Cholesterol is something we’ve all heard about. It’s been given enormous publicity over the past few years. Too much is bad for us…. can cause our arteries to ‘fur-up’….. leading to heart disease.
All true … but that’s not quite the full picture…. and it’s not all bad news!
Cholesterol, is in fact, essential to our health and wellbeing. Without it, our bodies couldn’t function, we couldn’t even stay alive! Cholesterol is a necessary component of every cell in our body. It’s found in large amounts in brain and nerve tissue, it’s a building block for various hormones, including our sex hormones, testosterone, oestrogen and progesterone – and it’s used to make bile acids, which are a vital part of digestion. So, cholesterol is not all bad news. But, the problems come when we have to much of it floating around our bloodstream. Then, it really does become a major problem to the health of our hearts by ‘clogging up’ our arteries.
So, exactly what is cholesterol?
Cholesterol is a fatty substance that the body can either make in the liver, or we can take in from the food that we eat. Cholesterol and other fatty substances, such as triglycerides (fatty molecules formed in the liver from the fat you eat or from other internal sources), are insoluble in water. To imagine what this means, think of trying to clean a greasy pan without using washing-up liquid – the fat just congeals and floats to the surface. The body couldn’t possibly cope with clumps of fat floating around, so cholesterol and triglycerides are dissolved within particles called lipoproteins, then carried to your tissues in the bloodstream. This is a very efficient system of getting these essential fatty substances to all the body cells that need it.
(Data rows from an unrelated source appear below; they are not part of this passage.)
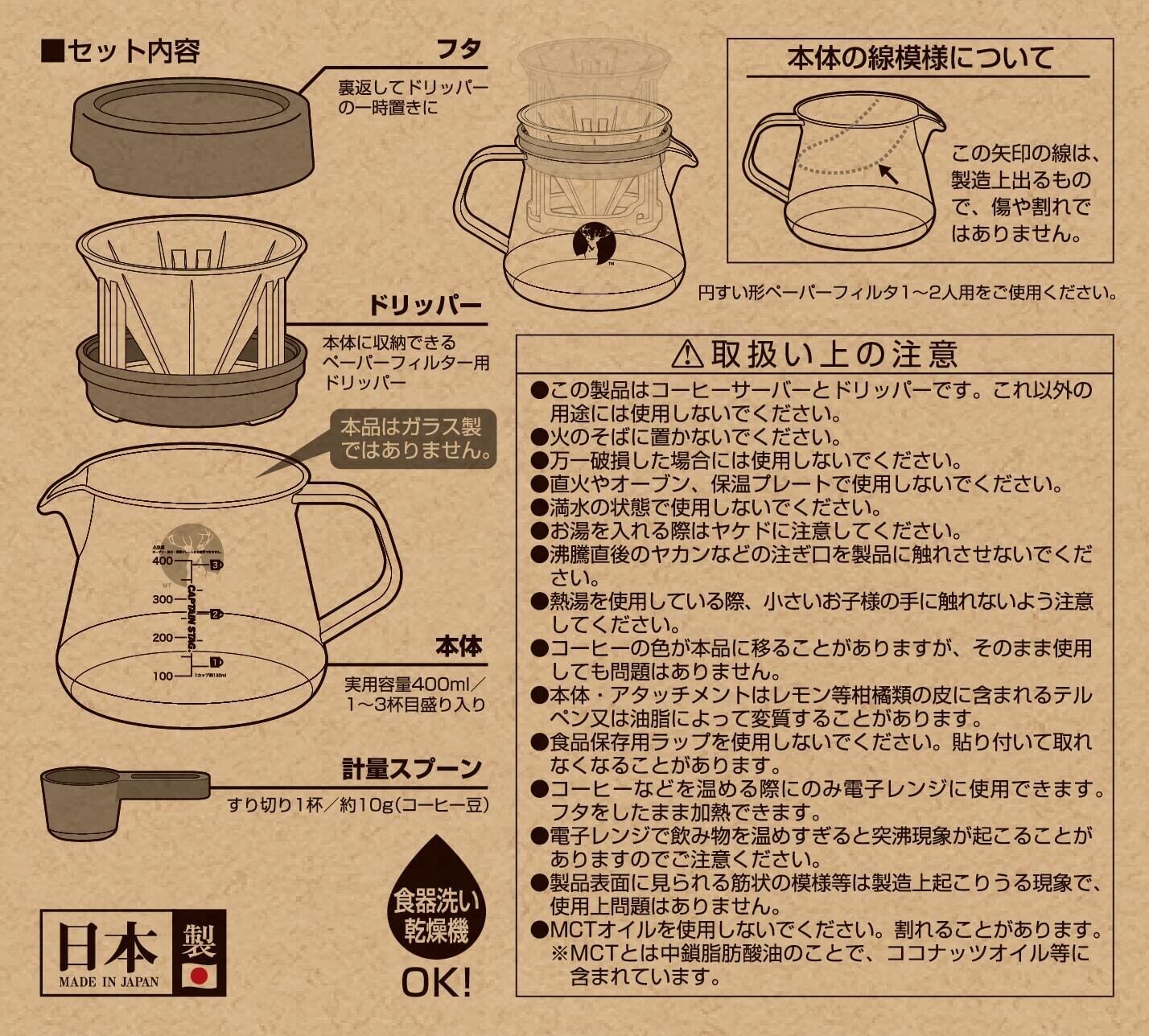 仕様:電子レンジOK(※ドリッパー除く)、食器洗い乾燥機OK、コーヒー1~3杯用、軽量スプーン付き(コーヒー豆約10g)、メッシュケース付き
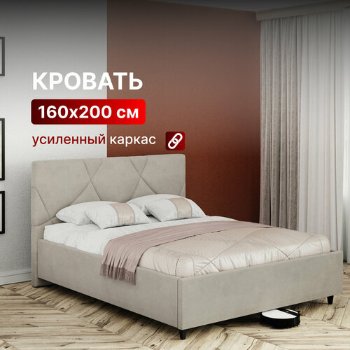 Кровать 160х200 с подъемным механизмом двуспальная Амбер с ортопедическим основанием и ящиком для белья, мягкое изголовье, для спальни и дома, велюр светло-бежевый
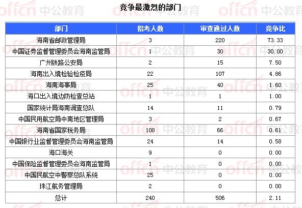 截至10月31日18時,據(jù)中公網(wǎng)校統(tǒng)計,國考職位中工作地點在海南的職位通過審核總?cè)藬?shù)為506人,共有100個職位無人通過審核,其中還有部分待審核的人數(shù)高達860人,平均競爭比例為2.11:1。

There are three major type of lipoprotein:
Very Low Density Lipoprotein (VLDL).
VLDLs transport mainly triglycerides from your liver to your body tissues. If you eat lot of saturated fats, then you are likely to have lots of VLDLs floating around in your bloodstream. High triglycerides levels are known to be an important risk factor in heart disease.
Low Density Lipoprotein (LDL).
LDLs are the mainly transporter of cholesterol to your tissues. If your diet is high in cholesterol, your liver will manufacture more LDLs to handle it – and your LDLs will be high. So, LDLs are often termed “the baddies” – and high LDLs levels are a major risk factor in heart disease.
High Density Lipoprotein (HDL).
HDLs are the ‘garbage collectors’, picking up unused cholesterol in the blood, transporting it back to the liver for dismantling and converting into bile acids to help our digestive processes. Some of the cholesterol is then passed out in stools, thus providing us a major route for the excretion of unwanted cholesterol. This is why HDLs are often termed “the goodies”! A high level of HDLs is now thought to be very important for heart health.
When you have your cholesterol checked, you are normally given a single value, say between 4 and 6 (the units are in millimoles per litre of blood – mMol/L) and likely informed that an ideal value is around 5.2mm/l. This is a measure of your Total Cholesterol (TC). Basically, this is the total of your LDLs and HDLs. However, what this doesn’t tell you is how much of this total is ‘bad’ LDL and how much is ‘good’ HDL. Current research now tells us that whilst high TC levels are not good for cardiovascular health, perhaps more importantly may be the need for high HDLs as a key preventor of heart disease. Many doctors are now consider the ratio of LDL/HDL or TC/HDL as better predictors of heart disease risk, than TC on its own.
Additionally, a low level of triglycerides (TGs) is also highly desirable for coronary prevention.
Most certainly, diet can certainly help control your blood lipids (fats) and that’s one good reason why low fat, high fibre eating plans are now routinely recommended. But exercise also has a very important part to play in controlling both cholesterol and triglycerides.
Exercise will help raise your HDL profile…..
Many studies have now shown that regular aerobic exercise will considerably elevate your HDLs. In fact, most researchers consider exercise as a more powerful factor than diet in raising HDLs. Our own recent studies at University College Chester noted a 35% in HDLs with a group of sedentary ladies who undertook an 8-week course of moderately vigorous low impact aerobics. Women tend to have a naturally higher HDL level than men, so the potential for improving HDLs amongst males is significant. This is now thought to be one of the most significant reasons for the dramatic drop in coronary risk for active males.
Exercise will help lower your triglycerides…..
Significant changes in TGs have been shown by many researchers. One recent North American study reported a fall of 43% in TGs amongst a group of sedentary men and women who were asked to engage in aerobic exercise, such as brisk walking, for around 30 minutes, 3-4 times a week. Your body uses the TGs as a fuel for aerobic exercise – so exercise is a great way to lower your triglycerides.
Total Cholesterol and LDLs are also shown to be lower in active people, largely due to the generally healthier lifestyle, such as good eating habits, not smoking and moderate alcohol consumption.
Controlling blood fat levels is a key feature in improving the health of your heart.
A combination of low fat, high fibre healthy eating habits and taking regular aerobic physical activity are powerful ways of exercising this cholesterol control.
So, keep your blood profile healthy – eat sensibly and exercise regularly.